Hausser submitted his report to Hoth at 10:40 P.M. It described a Russian “offensive defense” characterized by advances, flank attacks, and counterattacks, heavily supported by small-scale air strikes. The forward elements of Leibstandarte and Das Reich were still engaged too closely to provide details. Totenkopf, supported by an army infantry regiment, had made gains despite heavy air attack and artillery fire. But the weather was “sunny, dry, warm.” The roads were “passable for all vehicles.” And the corps was moving in the right direction.
That was unwittingly affirmed by a German-intercepted radio message Vatutin sent his subordinates that evening, stating that the Germans must on no account break through to Kursk. It was inspired by a pithy and unmistakable order to Vatutin from Stalin himself, eloquently reinforced by Khrushchev, that the Fourth Panzer Army must be stopped. It was plain that the USSR’s entire system of motivation and management stood behind the directive. The First Tank Army was still combat-capable, but Vatutin was deploying Stavka reinforcements behind its reorganizing forward units. Nikolai Popel, a battle-experienced armor officer as well as Katukov’s chief political officer, described July 7 as one of the hardest days in the Battle of Kursk, leaving First Tank Army with its strength substantially diminished. First Tank’s commander had previously called sober attention to the Germans’ “larger units” and “heavier tanks,” whose guns far outranged the 76 mm of his T-34s. And German ground-attack planes were inflicting heavy losses even before armored units reached the front.
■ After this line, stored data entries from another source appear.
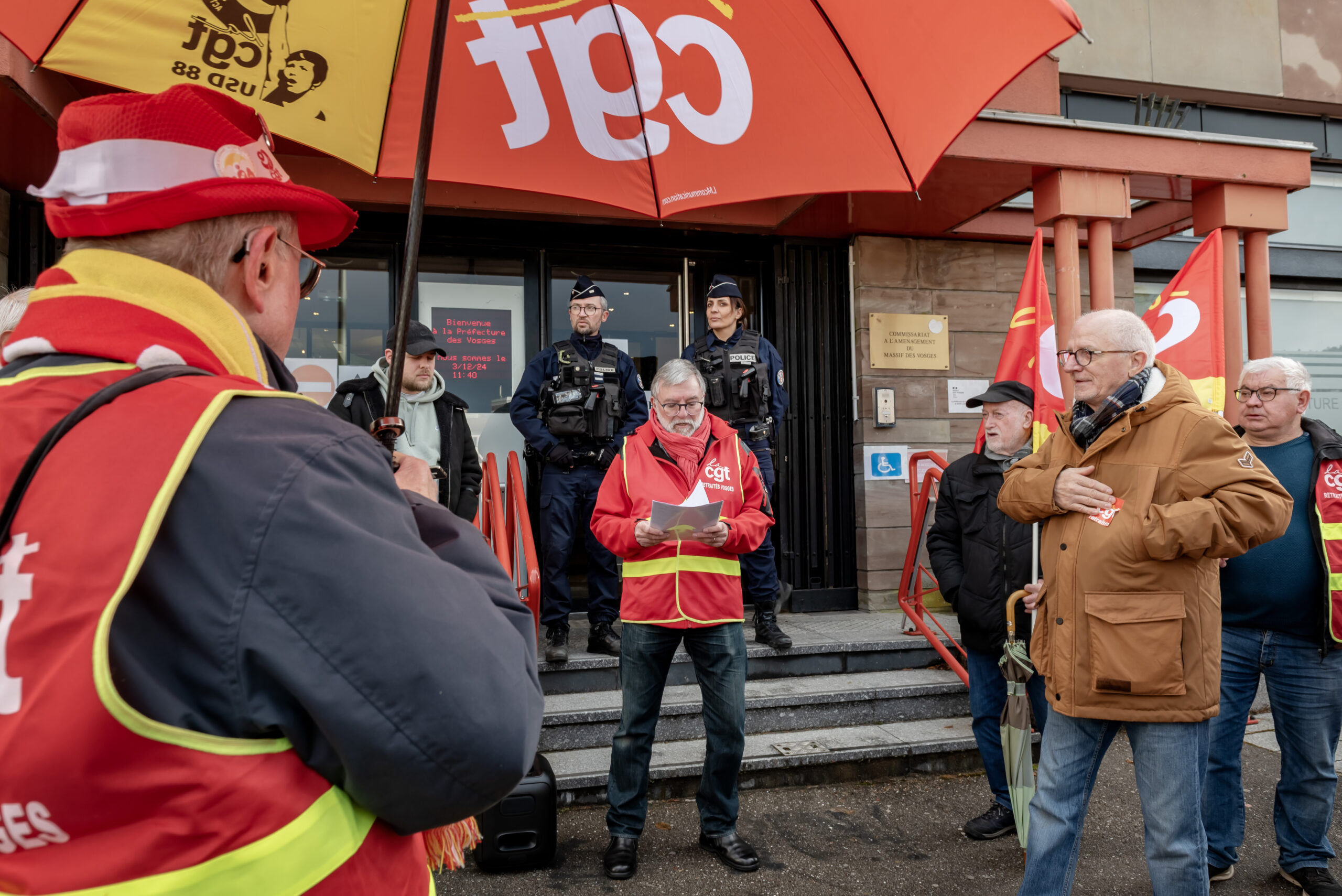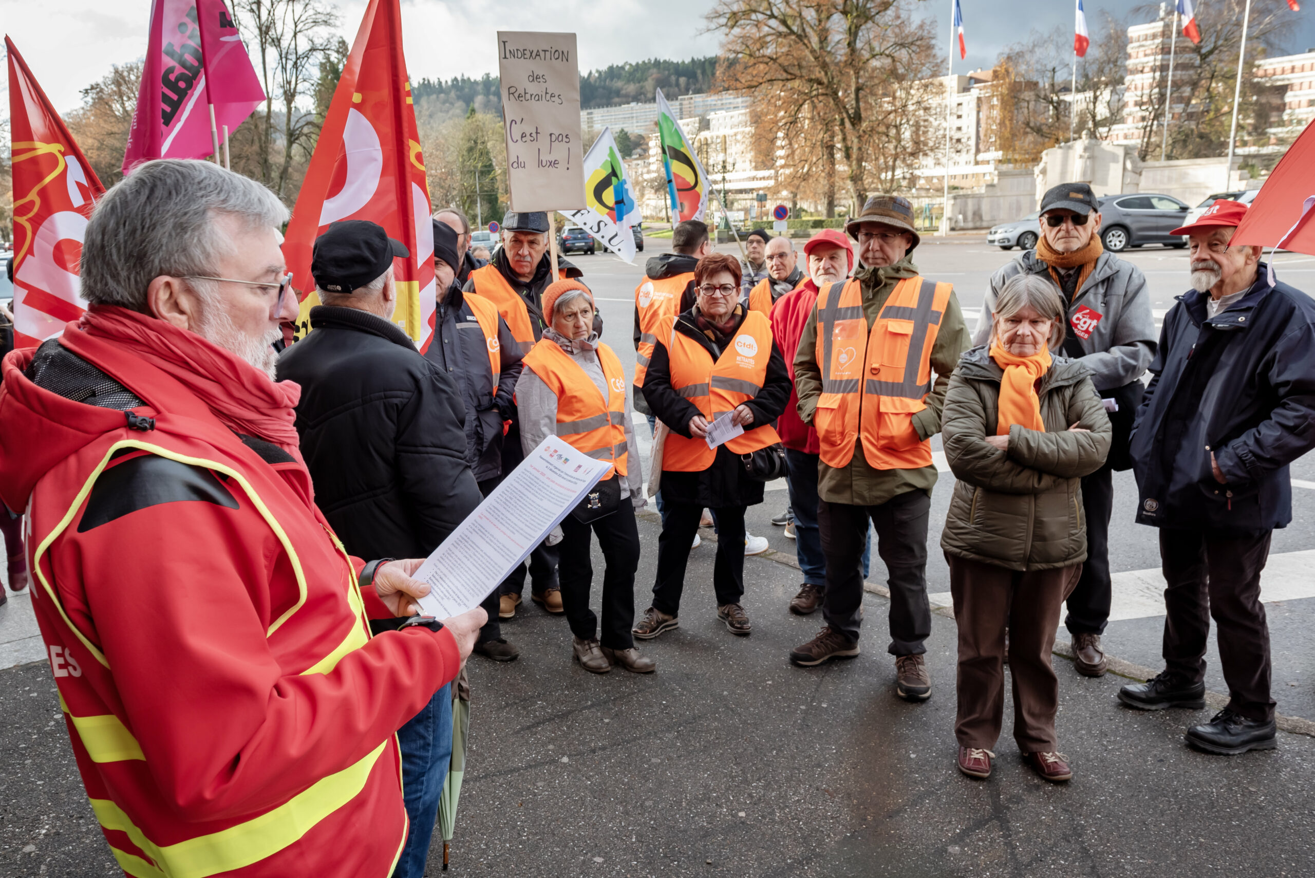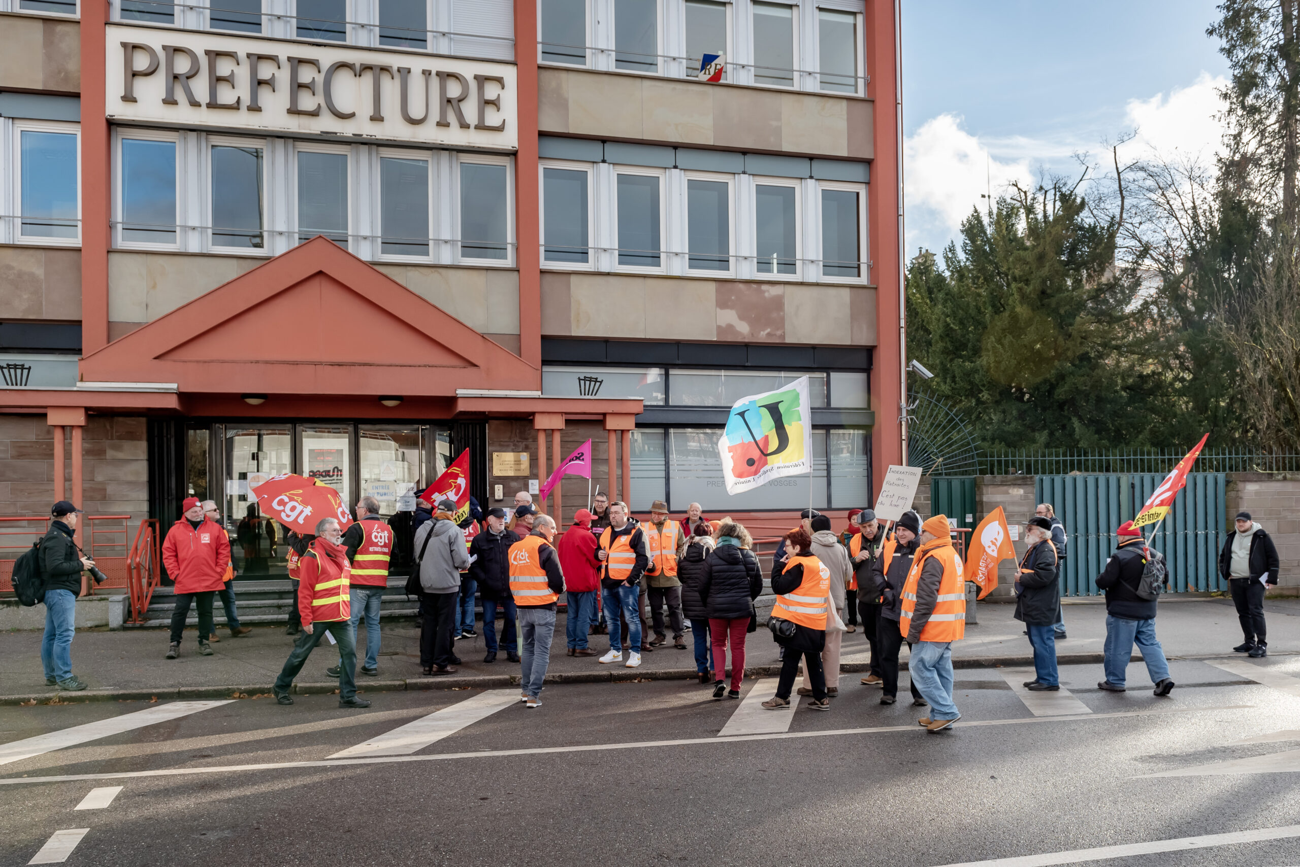 Ce mardi 3 décembre, les organisations syndicales de retraités des Vosges CFDT, CGT, FSU, FGR-FP et Solidaires avaient lancé un appel à une manifestation devant la Préfecture des Vosges, place Foch à Épinal.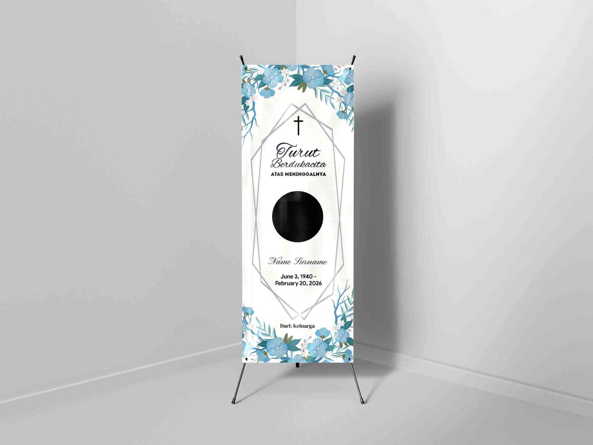 Cocok digunakan dalam acara pemakaman, misa requiem, atau peringatan hari wafat, banner ini menyampaikan belasungkawa dengan tampilan bersahaja namun penuh makna, memberikan penghormatan terakhir secara visual yang sopan dan menyentuh hati.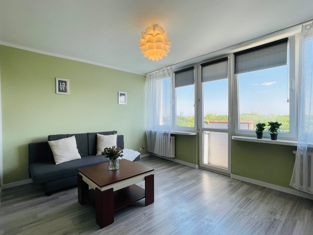 Mieszkanie składa się z dwóch niezależnych, ustawnych pokoi, osobnej kuchni, łazienki z WC oraz przedpokoju. Z okien rozpościera się przyjemny widok na park, co zapewnia poczucie przestrzeni i zieleni mimo centralnej lokalizacji.
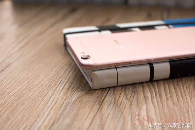 如果从特定的角度看,OPPO R9s后盖上的“微缝天线”会变得不那么明显,即使不能完全消失,也会让人看到后认为是两条装饰的纹路,这种设计反倒比直板一块的金属机身更好看一些。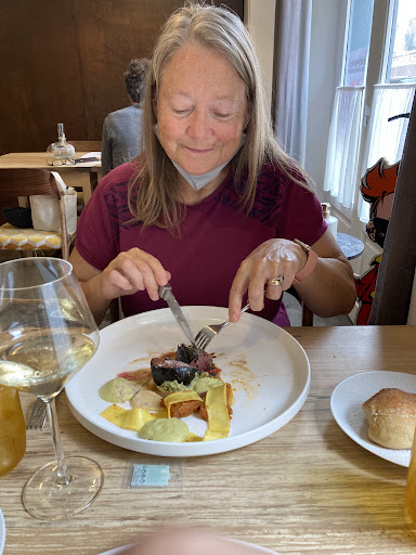A revisit after enjoying a great meal here years ago . The lady owner is very serious and careful as regards Covid virus protection ,can’t fault that . The reception was startlingly cool and authoritarian the room and table setup austere and school like . The food superb and very adventurous.

The Red Army of 1943 was not kind to senior officers who saw ghosts and shadows. Vatutin and his subordinates were seasoned combat veterans. To speak of shaken nerves is to overstate the case. Yet the question simmered: What would it take to stop these Hitlerites? Since June 1941, they had won their victories through finesse: smoke, mirrors, and maneuver. Stalingrad had suggested they were vulnerable to hard pounding. Now, army and SS alike, they were taking what the Soviet Union had to give and they kept coming, as inexorable, as pitiless, and as nonhuman as Russian weather—or, perhaps, the Soviet system.
Such thoughts owed something to what seemed the Germans’ inexhaustible supply of Tigers. Soviet infantry, antitank crews, and tankers were reporting kills into the dozens—yet every day the Tigers led the attack. In part that reflected the effects of adrenaline, of fear, of distorted time frames, of smoke and dust, all of which tends to enhance a universal tendency to exaggerate the material number and the formidable nature of opponents. To aircrews in the Pacific, destroyers became battleships. The Allies on Normandy’s front lines reported every tank a Panther or a Tiger. In Kursk’s specific context, moreover, a Tiger and a Mark IV looked sufficiently alike at battle ranges that left no time for close verification.
Realities were substantially different. Army Group South’s Tigers were assigned by companies to the panzer divisions, which provided an initial maximum strength of fifteen or sixteen. Two or three days of combat would reduce a company to half that, another two or three days to a quarter. Then the numbers stabilized thanks to the maintenance crews.